That unsustainable paradox is now unravelling before our eyes in the Middle East and north Africa. The 16 most water-stressed states on Earth are all in that troubled region, with Bahrain at the top of the ranking from risk analysts Maplecroft. Libya, Yemen, Egypt, Tunisia and Syria follow not far behind.

All are built on an environmental Ponzi scheme, using more water than they receive: 700 times more in Libya's case. The unrest of the Arab spring of course has many causes, but arguably the most fundamental is the crumbling of a social contract that offered cheap water – and hence food – in return for subservience to dictators.

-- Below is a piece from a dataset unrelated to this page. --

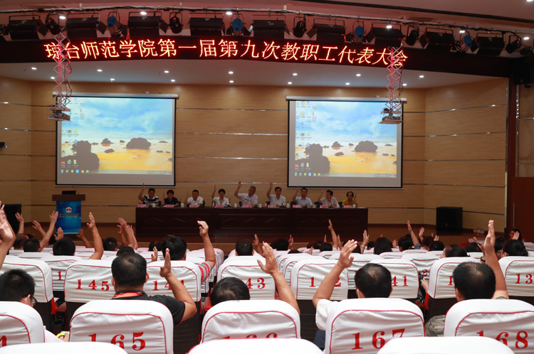 第一届第九次教职工暨工会会员代表大会在庄严的国歌中正式开始。首先校长办公室颜为健副主任作《琼台师范学院章程》(审议稿)起草情况报告,对章程的主要内容进行了概括与说明。人事处陈拥军副处长向大会汇报了《关于调整绩效工资的意见》(审议稿)起草情况,并对我校绩效工资实行基本原则、奖惩机制等内容将行了介绍。宣传统战部郭志东部长对《琼台校歌》的历史及创作背景进行了汇报。
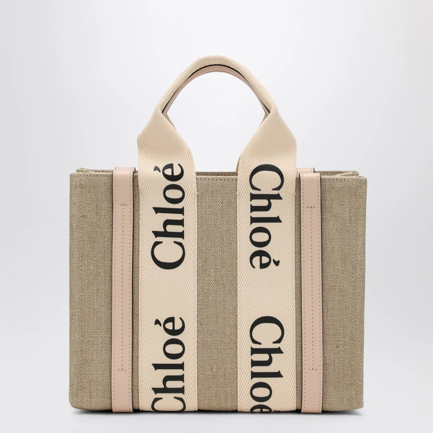 Small shopping bag by Chloé made of beige cotton canvas and pink calfskin leather inserts featuring two handles a main compartment an internal flat pocket and a contrasting Woody ribbon with logo inscription.

The region's population is rocketing – there are 10,000 new mouths to feed each day – just as grain production plummets. The deep, ancient aquifers that enabled crops to green the deserts are almost exhausted, and the oil that fires the desalination plants to make up the loss is dwindling too.

It's a perfect storm of water, food and energy crises and has arrived two decades sooner than even the most sober analysts expected. And while the Middle East is the first region to feel the wrath of that storm, across the world warning signs are flashing – from the sinking of Mexico City as its aquifers are sucked dry to the docking of freshwater tankers in Barcelona.

The world's population tripled in the 20th century, but the thirst for water grew six-fold, the large majority sprinkled on fields. The UN predicts that, by 2025, two-thirds of us will experience water shortages, with nearly two billion suffering severe shortfalls. Today China, struck by terrible droughts in its agricultural heartlands, is the world's biggest importer of "virtual water": the billions of tonnes of water used to produce the food and other goods brought into the world's most populous nation.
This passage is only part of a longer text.